Greenfield deployment, we're expecting like 500 Switches at 100 Sites and 1500 APs sprinkled across them to submit their RADIUS-Requests to a pair of ISEs.  ISE are not going to do device administration (TACACS) for these. 

SrcIP of RADIUS requests are not entirely predictable, but will be from a well-defined IP range (one /16 for switches, one /16 for WLAN APs), w/o NAT, but curently not reverse-resolvable in DNS. 

Setting Wildcard/Address Range entries in "Network Devices" of course might seem straightforward: Just add an entry called  "WLAN AP Wildcard" with /16 address range.

But then you lose some visibility in Live Log and Live Session.  One can see the NAS IP address allright, but not the switch's or AP's Hostname in "Device Name" in Live Logs - the text as given in "Network Devices" will appear.  Not good for the operators - they might want to see the switch's or APs hostname. 

Any suggestions you could give, short of importing a full list of APs and switches into ISE?
Will reverse DNS help to show an FQDN instead of a NAS IP address? 
Any clever RADIUS attributes to add from the Switch or WLAN-AP to help identify it? I'm thinking like
radius-server attribute 32 include-in-access-req format %h  

Thanks for your thoughts and ideas

3 Replies 3

Marc Luethi
Level 1
Level 1

For what it's worth:

radius-server attribute 32 include-in-access-req format %h 

... does make the switch's hostname appear as "NAS Identifier" in the Authentication Detail report.
Neither Live Logs nor Live Sessions seem to be able to show this as a column. 

Arne Bier
VIP
VIP

One of the things that surprised me initially when I started working with ISE, is that ISE does not process RADIUS requests based on what the contents of NAS-IP-Address attribute contains - because the RFC 2865 uses makes it sound like this is the IP address the RADIUS server should be re-acting on:

ArneBier_0-1709154904411.png

Instead, ISE ignores the NAS-IP-Address, and instead, takes the Source IP Address of the UDP packet - that is the lookup value into ISE's Network Devices database to see perform the shared secret processing etc. And that then forms the basis of the Live Logs displays - whatever you called the Network Device (as a /32 or /whatever) is what will be displayed in the Live Logs. 
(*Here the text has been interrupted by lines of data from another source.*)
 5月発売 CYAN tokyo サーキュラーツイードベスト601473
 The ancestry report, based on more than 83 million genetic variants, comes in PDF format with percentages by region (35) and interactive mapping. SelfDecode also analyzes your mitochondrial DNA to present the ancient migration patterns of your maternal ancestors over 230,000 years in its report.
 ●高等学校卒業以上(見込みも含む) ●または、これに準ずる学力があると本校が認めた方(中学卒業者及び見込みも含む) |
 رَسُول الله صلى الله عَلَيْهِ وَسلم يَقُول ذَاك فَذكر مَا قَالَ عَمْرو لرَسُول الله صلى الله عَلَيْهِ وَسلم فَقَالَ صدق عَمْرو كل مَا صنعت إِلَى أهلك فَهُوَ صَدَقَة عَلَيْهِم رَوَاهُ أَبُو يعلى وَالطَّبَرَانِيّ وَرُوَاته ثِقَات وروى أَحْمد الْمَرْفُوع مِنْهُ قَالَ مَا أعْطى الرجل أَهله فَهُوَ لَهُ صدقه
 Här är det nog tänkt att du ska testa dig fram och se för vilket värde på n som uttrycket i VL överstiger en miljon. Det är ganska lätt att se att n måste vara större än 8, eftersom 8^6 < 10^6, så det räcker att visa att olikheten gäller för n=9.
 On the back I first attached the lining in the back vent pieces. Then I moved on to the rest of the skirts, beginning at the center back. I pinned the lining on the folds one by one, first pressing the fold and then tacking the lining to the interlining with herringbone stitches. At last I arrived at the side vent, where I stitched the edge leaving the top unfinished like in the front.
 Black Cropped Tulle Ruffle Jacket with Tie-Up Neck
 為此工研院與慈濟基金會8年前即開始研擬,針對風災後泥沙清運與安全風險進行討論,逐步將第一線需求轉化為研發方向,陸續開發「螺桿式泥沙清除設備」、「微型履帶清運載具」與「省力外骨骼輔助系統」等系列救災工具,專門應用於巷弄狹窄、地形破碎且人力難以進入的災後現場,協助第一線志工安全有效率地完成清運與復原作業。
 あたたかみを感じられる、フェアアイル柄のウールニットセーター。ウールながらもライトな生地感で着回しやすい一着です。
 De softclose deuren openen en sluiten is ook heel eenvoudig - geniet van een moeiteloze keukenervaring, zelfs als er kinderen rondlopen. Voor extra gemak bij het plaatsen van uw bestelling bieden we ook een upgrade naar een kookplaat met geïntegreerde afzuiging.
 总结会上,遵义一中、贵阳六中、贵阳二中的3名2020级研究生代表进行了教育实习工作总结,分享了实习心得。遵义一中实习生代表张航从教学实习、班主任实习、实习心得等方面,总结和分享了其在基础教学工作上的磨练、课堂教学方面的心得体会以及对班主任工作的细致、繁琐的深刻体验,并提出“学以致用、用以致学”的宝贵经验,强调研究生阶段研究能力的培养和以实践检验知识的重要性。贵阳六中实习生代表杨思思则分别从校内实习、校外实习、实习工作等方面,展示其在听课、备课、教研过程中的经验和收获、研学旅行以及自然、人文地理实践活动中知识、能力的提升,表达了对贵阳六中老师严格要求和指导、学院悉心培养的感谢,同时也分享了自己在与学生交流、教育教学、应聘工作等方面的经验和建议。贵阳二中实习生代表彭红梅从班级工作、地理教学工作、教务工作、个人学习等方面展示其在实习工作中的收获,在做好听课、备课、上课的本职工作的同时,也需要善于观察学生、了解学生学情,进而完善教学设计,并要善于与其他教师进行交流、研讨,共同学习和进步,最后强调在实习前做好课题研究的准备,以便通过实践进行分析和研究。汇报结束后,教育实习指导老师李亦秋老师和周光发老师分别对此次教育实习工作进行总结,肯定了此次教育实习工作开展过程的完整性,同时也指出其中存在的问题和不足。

Perhaps we should submit a Feature Request to have an additional "NAS IP Address" column available - it's there in the Request Details page, so it should be an easy programming job to add this to the list of columns to display. 

Whether to use the NAS-IP-Address or the UDP SRC IP to processes RADIUS requests probably has pros and cons - if customers use NAT then this will probably have some implications, because the "true" NAS-IP-Address will not match the NAT'd UDP SRC IP.
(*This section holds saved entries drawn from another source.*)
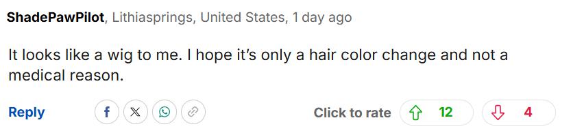 " 对我来讲,这东西看上去就像假发。我希望她只是头发染了色,而不是因为健康问题。"
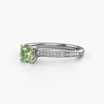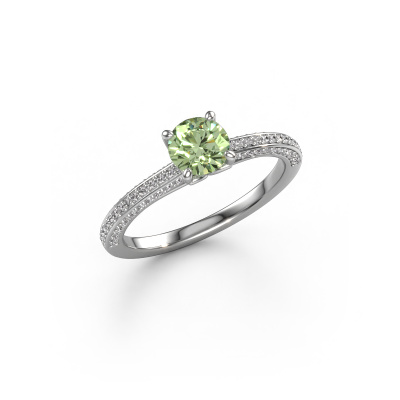 The ring shown above is called the Elenore rnd. We call this type of ring a pavé solitaire ring because it has one centre gemstone and a band that is also pave set with gemstones. This engagement ring is made in 14 Carat white gold set with a 5.4 mm round green lab grown diamond, and pave set lab-grown diamonds at the sides. Each piece of jewellery is made just for you by our master goldsmiths in our own studio.This exclusive white gold pavé solitaire engagement ring has an exquisite round green lab grown diamond centre stone. To further accentuate the centre stone, the band is set full with more lab-grown diamonds. Its open prong setting allows light to strike the green lab grown diamond from various angles and this adds sparkle to your green lab grown diamond ring. The photo shown above depicts the goldsmith's carefully handcrafted details of the ring. The high positioning of the centre stone is truly eye-catching. The perfect engagement ring for the crown jewel of your life!By using a combination of the latest modern techniques, combined with ancient crafting, we can make all our engagement rings in our own studio. Each jewel is made to order. This is advantageous because we can offer you a price you won't find anywhere else.Have you found a specific engagement ring somewhere which you would like to give to your loved one? Please feel free to express your wishes to our jewel designers because we would be honoured to turn your design into a exclusive engagement ring. You can follow the development of your ring design because we use 3D drawings. This gives you a realistic preview of how your design will look. You can also preorder a dummy. A dummy is a plastic ring, which can be shaped according your ring design. You can try it on and check if its width and size are suitable for you. We will gladly send you a non-binding offer, based on a fair price/ quality ratio. It will amaze you, considering the quality of the ring and gemstones.To make it easier for you, we offer a 30 day return policy. Check our terms and conditions.
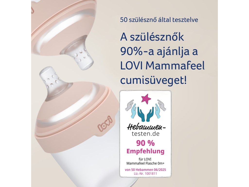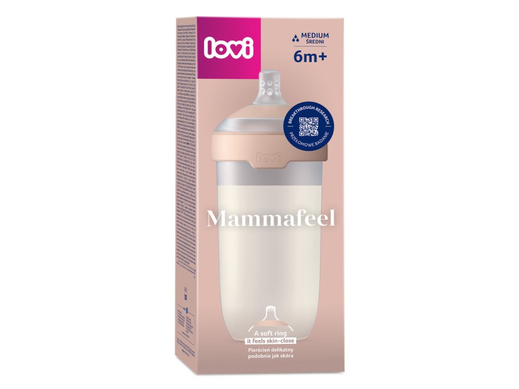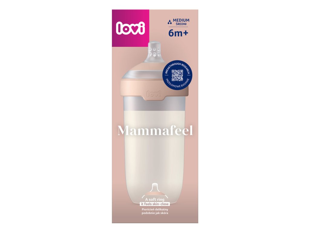 Az innovatív Mammafeel cumisüveg a lehető legjobban hasonlít az anya mellére színében, formájában, hőjében és dinamikájában. A dinamikus cumisüveg lehetővé teszi a természetes ritmusú szopást, és nem zavarja a szopási reflexet. A palack mérete 330 ml, a cumisüveg áramlása 6m+ KÖZEPES.
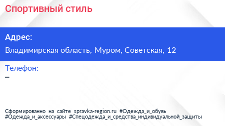 Спортивный стиль по адресу Владимирская область, Муром, Советская, 12 в дальнейшем Организация, размещена в следующих категориях:
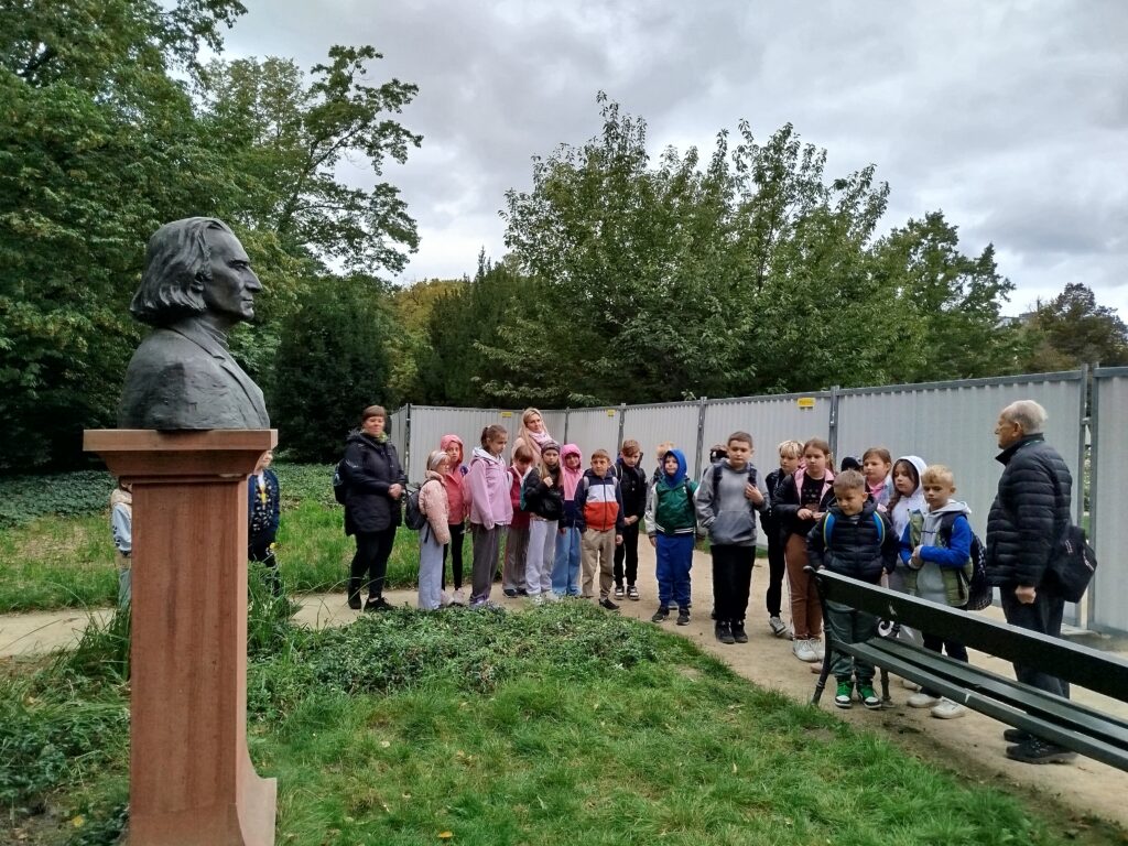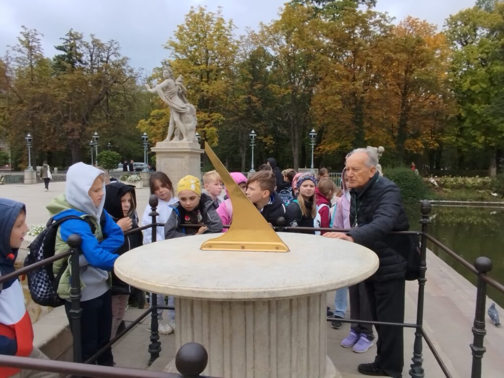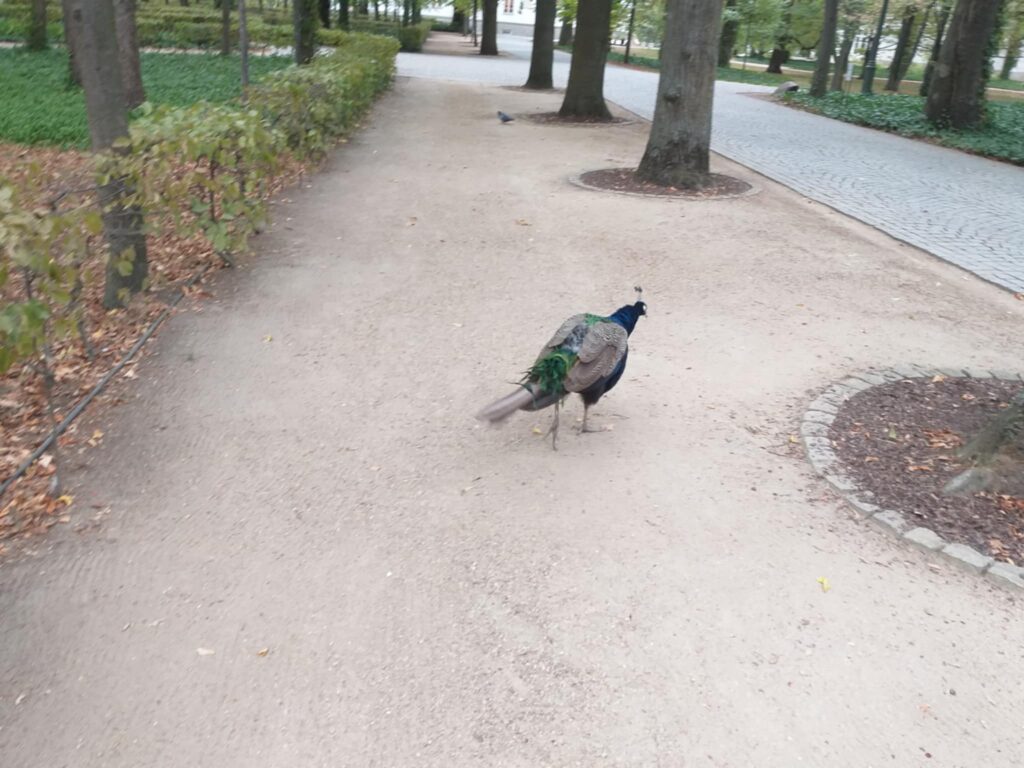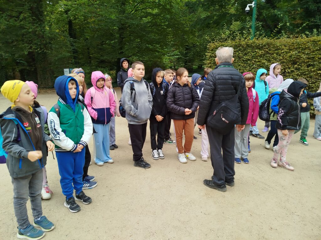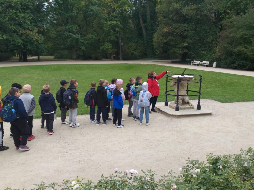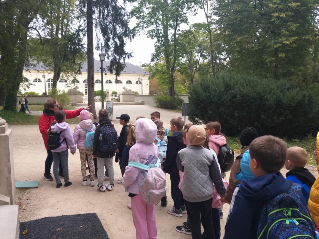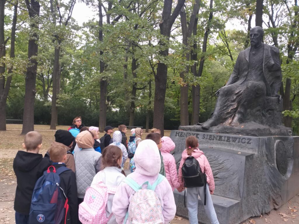 Kolejnym punktem programu było zwiedzanie jednego z najpiękniejszych miejsc w Warszawie – Łazienek Królewskich. Dzieci podążały jesiennymi ścieżkami wsłuchując się w opowieści o historii tego pięknego miejsca. Przez cały czas towarzyszyły uczniom wiewiórki oraz pawie dumnie podążające śladem naszych wychowanków 🙂

My personal preference is to never use anything other than a /32 for the ISE Network Devices for the simple reasons

1) You can clearly see which device sent the request and don't need to dig into the details to see the true SRC IP

2) You know 100% which devices are out there on a subnet. 

3) ISE supports tens of thousands of NAD entries. No need to be shy 

Regarding point 2, I have a customer migrating from one RADIUS system to ISE, and the person who implemented the previous system used /24 and even /16 in some cases. The system has been in place for many years - no documentation. What a disaster.  How would I accurately know what devices are in those subnets?  Even if I can ping them, I would have to check each one to see if it's a network device that requires ISE RADIUS services. And I refuse to add those /16 into ISE, because in most parts, it overlaps with my existing /32 definitions - hence, it will be a shambles. People don't think about the long term effects of these poor decisions. 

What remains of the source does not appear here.